INDIANAPOLIS — People will be able to get a closer look at what happens behind closed courtroom doors as a new pilot program gives news stations the opportunity to bring their cameras inside.

Ever since 1946, the topic of cameras inside the courtroom has been a topic of debate. The 1946 rule prohibited taking photographs in the courtroom. This expanded to taking video in 1972.

By 1997, Indiana relaxed its rules slightly on cameras in the courtroom, allowing extended coverage of oral arguments before the Indiana Supreme Court. This was still in a pilot program that ended in 2007 with fewer than 10 test cases.

Since then, there have been limited times when cameras were allowed inside the courtroom. Now, the Indiana Supreme Court is once again testing out allowing news cameras inside.

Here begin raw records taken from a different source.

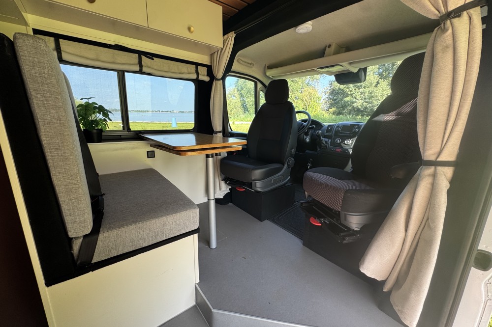 - Gezellige zithoek door draaibare voorstoelen (Atrion campers)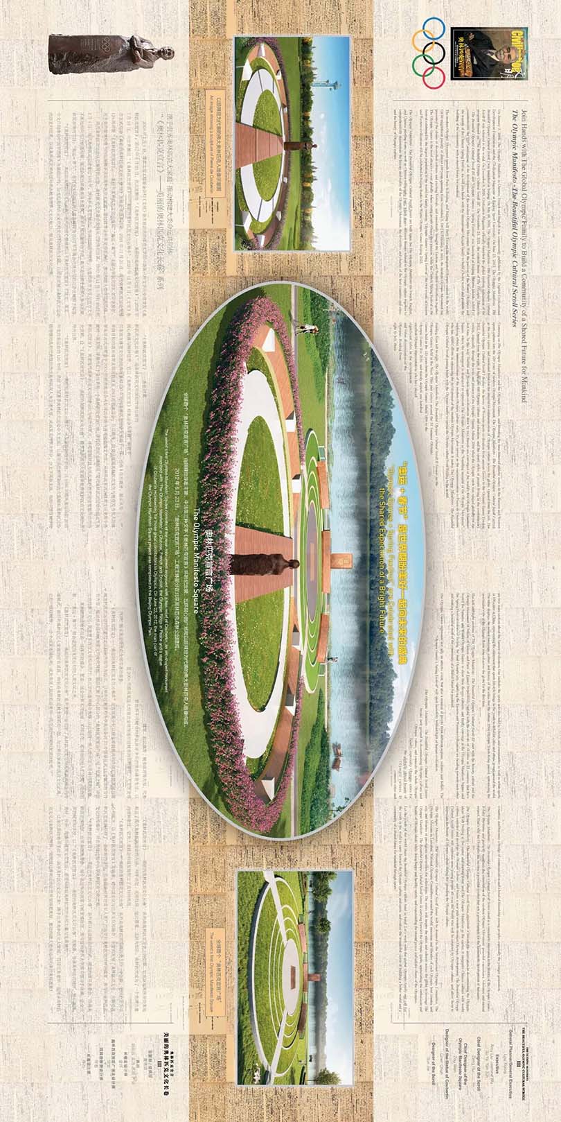 2012年全球首个“奥林匹克宣言广场”在北京落成,同时《文明》杂志向全球推出奥林匹克历史上第一部《奥林匹克文化长卷》。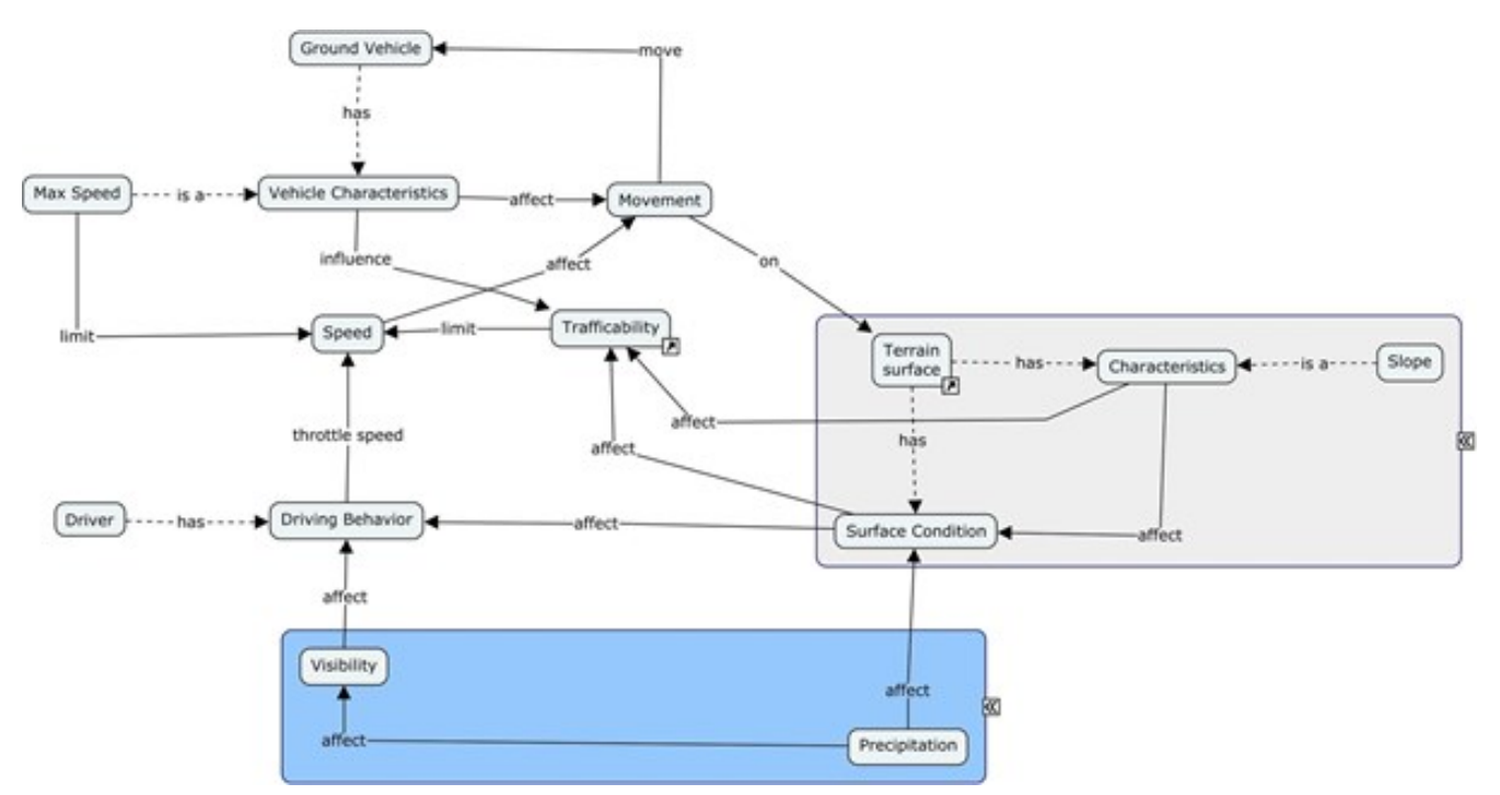 图 3-5:地形和天气对车辆通行性影响的概念模型图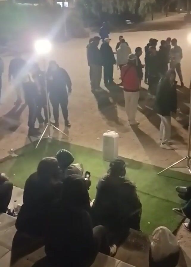 group of people gathered in an outdoor space at night. The area is lit by a standing light. Some people are standing and interacting in the center, while others are seated on steps, some looking at their phones. The ground is a mix of dirt and artificial turf. A white container is also visible. The scene appears to be a casual gathering, possibly a filming session or a relaxed social event.
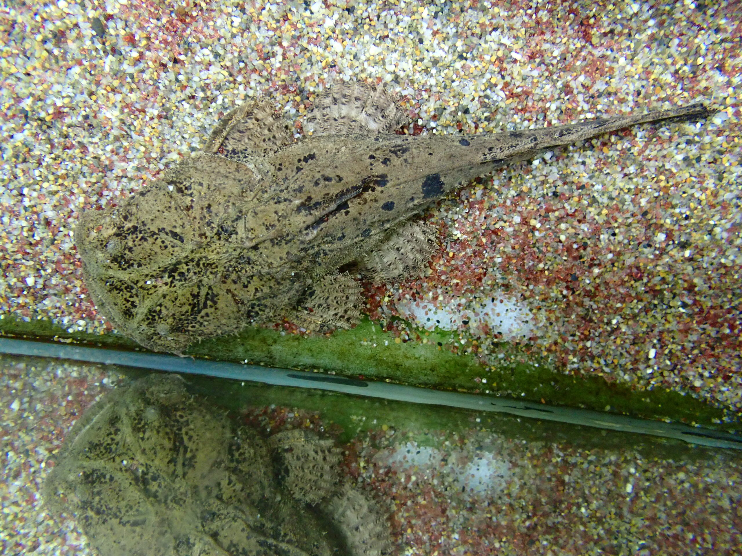 インドのぺったんこナマズ。値段もそんなに高くないし見た目のインパクトから人気があります。よく似たインドネシアのバンカネンシス(最近全然来てないけど。)は神経質で飼いにくいんですが、インドのチャカは飼いやすいです。がんばれば人工飼料に餌付く個体もいたりいなかったり・・・。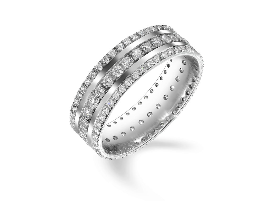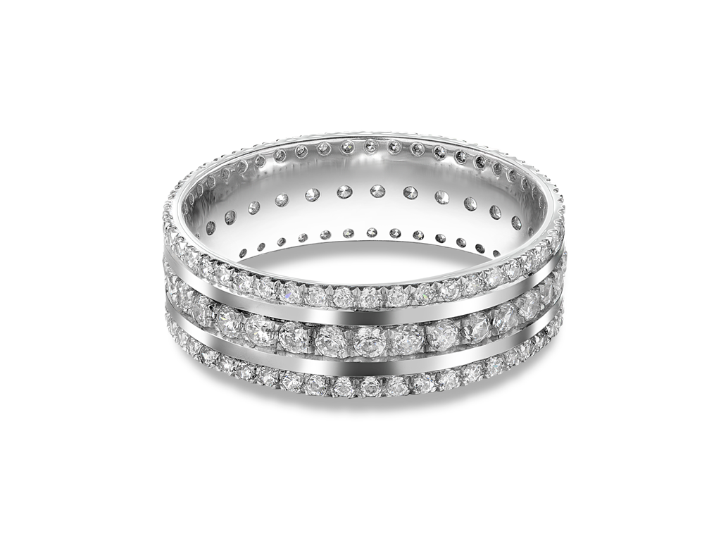 Обручальное кольцо с тремя дорожками бриллиантов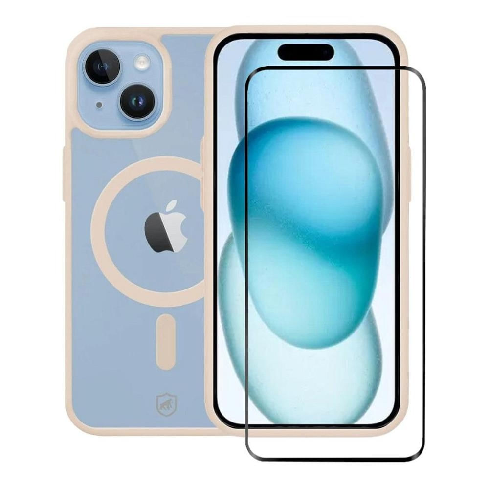 Kit Capa Magsafe Rosa e Pelicula Coverage 5D Pro Preta para iPhone 15 - Gshield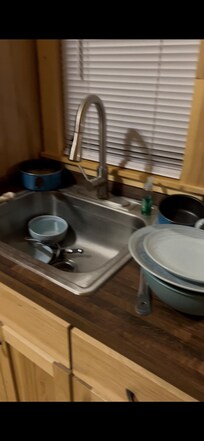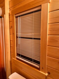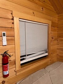 Upon arrival, I immediately noticed that the blinds at the front of the tiny home were damaged and would not close properly, compromising privacy. I had to improvise a way to cover the window to prevent visibility from outside. Additionally, the refrigerator was not clean upon arrival.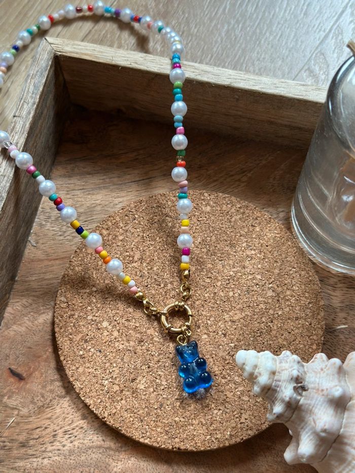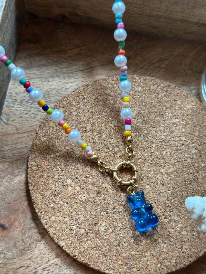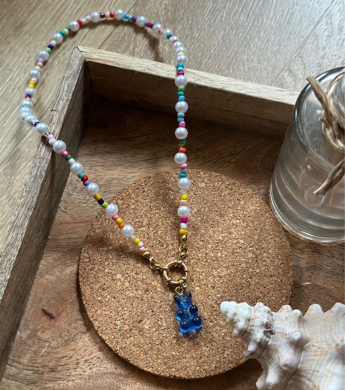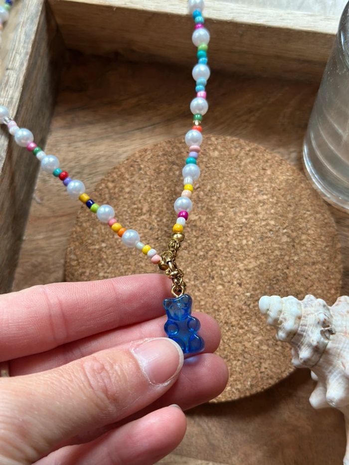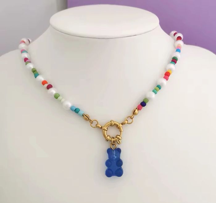 Collier perles colorées & pendentif ourson bleu – Acier inoxydable, style bonbon - photo numéro 1

The pilot project will let cameras in at the following trial courts:

  • Allen Superior Court (Criminal) — Judge Frances Gull
  • Delaware Circuit Court 1 — Judge Marianne Vorhees
  • Lake Superior Court, Civil 7 — Judge Bruce Parent
  • Tippecanoe Circuit Court — Judge Sean Persin
  • Vanderburgh Superior Court — Judge Leslie Shively

News media can also live-stream and re-broadcast trials with permission from the judge. The pilot is limited to news media. The judge still has the discretion to allow or disallow cameras inside.

Circuit Judge Marianne Vorhees says this is a positive opportunity for those involved, as well as the public.

“People can always come to court and see themselves what’s happening, but we don’t get a lot of people walking off the street to watch court proceedings. They rely on the media, they rely on things they see on blogs, or people posting things on Facebook, or jury duty, and I would say from my experience with jurors, almost universally, when I go back to the jury room after trial is over, to thank the jury and to excuse them, they will say we are so happy we had this experience, we were able to see how cases really work,  they’re able to see how all the different pieces of the process work together. It really opens their eyes to the whole system seeing the trial from the very beginning to the very end, so I think that would be one benefit for people to see what is really happening in the courtroom and it’s not a 50-minute drama series about a case that only takes 50 minutes, it is a long, involved process sometimes, 2-3 days to try just a regular case. 

Judge Marianne Vorhees, Delaware County Circuit Court 1

The project will last four months before being evaluated.